Since Unicode.Set.match?/2 is a macro, all the work of parsing, extracting code points, doing set operations and generating the guard code is done at compile time. The resulting code runs about 3 to 8 times faster than a regex case. (although of course regex has a much larger problem domain).

8 Likes

You should think of renaming your modules so that Unicode.Set becomes UnicodeSet instead, or at least Unicode.UnicodeSet if you want to make it clear that everything is under the Unicode namespace. The original name (Unicode.Set) doesn’t play well with aliasing.

3 Likes

Added two helpful functions in version 0.2.0 that:

  • Generates compiled patterns for speedy String.split/3 and String.replace/3:
  • Generates list of code point ranges that can be used in nimble_parsec.

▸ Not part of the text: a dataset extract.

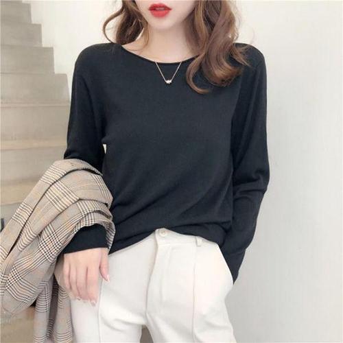 [에이치플러스몰]봄 가을 오피스룩 롱 여성니트 티 티셔츠 라운드

Generating compiled patterns for String matching

String.split/3 and String.replace/3 allow for patterns and compiled patterns to be used with compiled patterns being the more performant approach. Unicode Set supports the generation of patterns and compiled patterns:

iex> pattern = Unicode.Set.compile_pattern "[[:digit:]]"
{:ac, #Reference<0.2128975411.2135031811.52710>}
iex> list = String.split("abc1def2ghi3jkl", pattern)
["abc", "def", "ghi", "jkl"]

Generating NimbleParsec ranges

The parser generator nimble_parsec allows a list of codepoint ranges as parameters to several combinators. Unicode Set can generate such ranges:

iex> Unicode.Set.utf8_char("[[^abcd][mnb]]")
[{:not, 97}, {:not, 98}, {:not, 99}, {:not, 100}, 98, 109, 110]

This can be used as shown in the following example:

defmodule MyCombinators do
  import NimbleParsec

  @digit_list Unicode.Set.utf8_char("[[:digit:]]")
  def unicode_digit do
    utf8_char(@digit_list)
    |> label("a digit in any Unicode script")
  end
end
2 Likes

Good suggestion and will do for the next version.

This is very useful. I can use it to add proper support for unicode names in variable in my Elixir lexer

1 Like

The Unicode consortium today introduced Unicode version 13.0 that adds 5,390 characters, for a total of 143,859 characters. These additions include four new scripts, for a total of 154 scripts, as well as 55 new emoji characters. As a result there are some updates to ex_unicode and related packages.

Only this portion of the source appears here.